To further evaluate and compare the discriminative performance of the machine learning models, receiver operating characteristic (ROC) curves were generated for each classifier (Figure 1). The ROC curve is a powerful tool for illustrating the relationship between the true-positive rate (TPR) and false-positive rate (FPR) across different classification thresholds. A model with a ROC curve that rises sharply toward the upper-left corner demonstrates superior performance, as it maximizes true positives while minimizing false positives. The area under the ROC curve (AUC-ROC) summarizes this performance: values approaching 1.0 indicate excellent discriminative ability, whereas values near 0.5 suggest little to no predictive power. The HyperPipes classifier achieved an AUC-ROC of 0.9784, indicating strong class separability between DEcircRNA and random circRNA. The remaining classifiers showed lower AUC-ROC values, suggesting reduced discriminative performance. Overall, HyperPipes showed the highest performance among the evaluated classifiers under the cross-validation framework.

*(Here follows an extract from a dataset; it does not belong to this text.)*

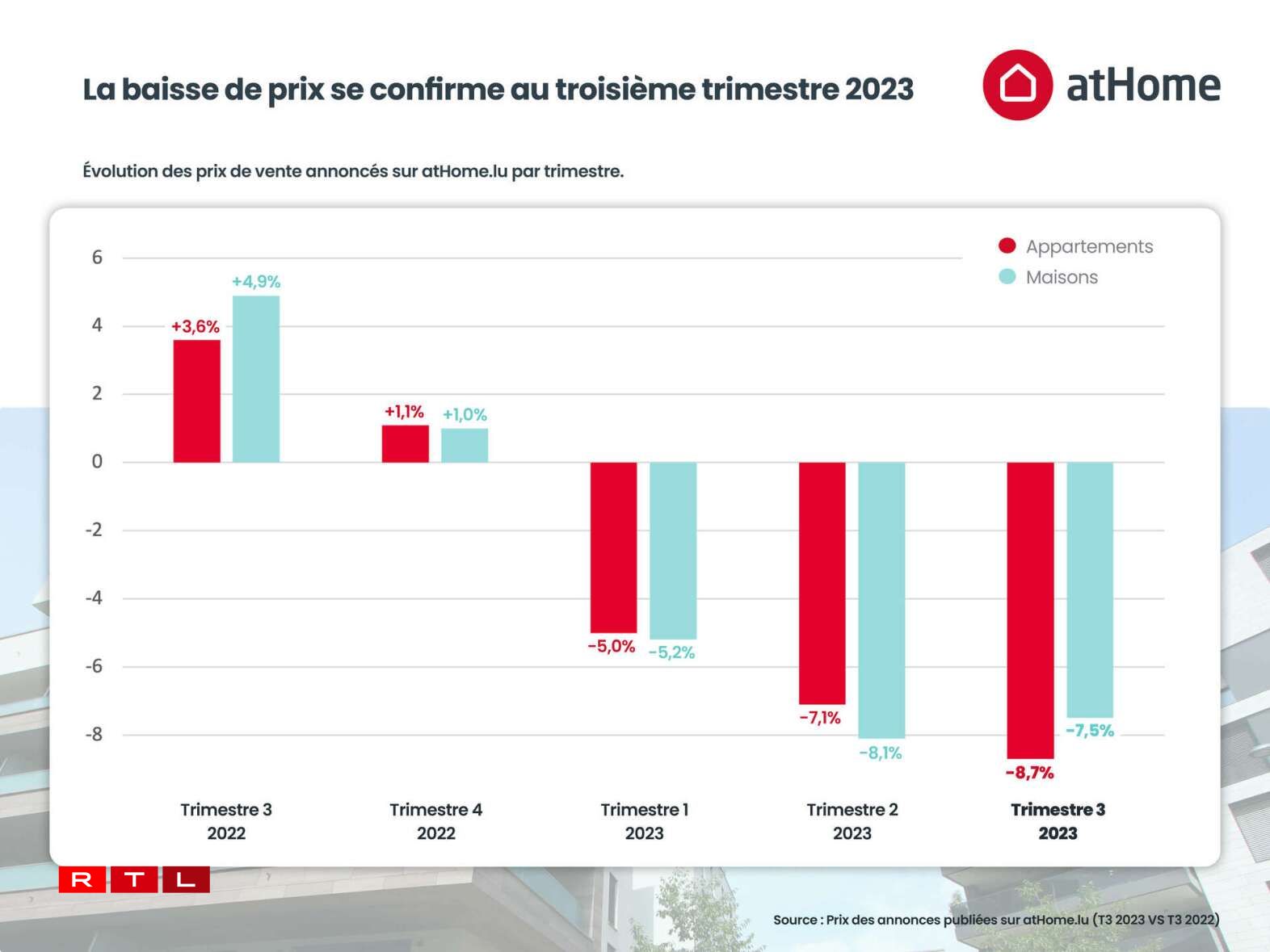D’Präisser, fir e Logement ze kafen, si weider um Erofgoen. Et geet dobäi natierlech ëm déi affichéiert Präisser vun der Vente, bei deenen een eng generelle Baisse vu liicht méi wéi 8 Prozent festgestallt huet.

To further assess model performance, a small supplementary evaluation was conducted using 11 DEcircRNAs reported in a previous study by Reiisi et al. [2]. The HyperPipes model correctly classified 10 out of 11 instances (90.91% accuracy). While this result is consistent with the patterns observed during cross-validation, it should be interpreted cautiously given the dataset’s limited size and lack of independence. This supplementary analysis provides additional support for the model’s prediction consistency, but it does not constitute formal external validation and has limited generalizability.

2.3. Analysis of the Descriptors

Several exploratory visual analyses were performed to characterize sequence-derived and miRNA-derived descriptors and to highlight features that most effectively distinguish DEcircRNAs from randomly selected circRNAs (Figure 2). These analyses were conducted on the 94 descriptors retained after attribute selection, which included both k-mer sequence features and circRNA–miRNA interaction features. To further explore these patterns, a volcano plot, a boxplot with jitter, and a violin plot were generated to compare the distributions and statistical enrichment of key descriptors.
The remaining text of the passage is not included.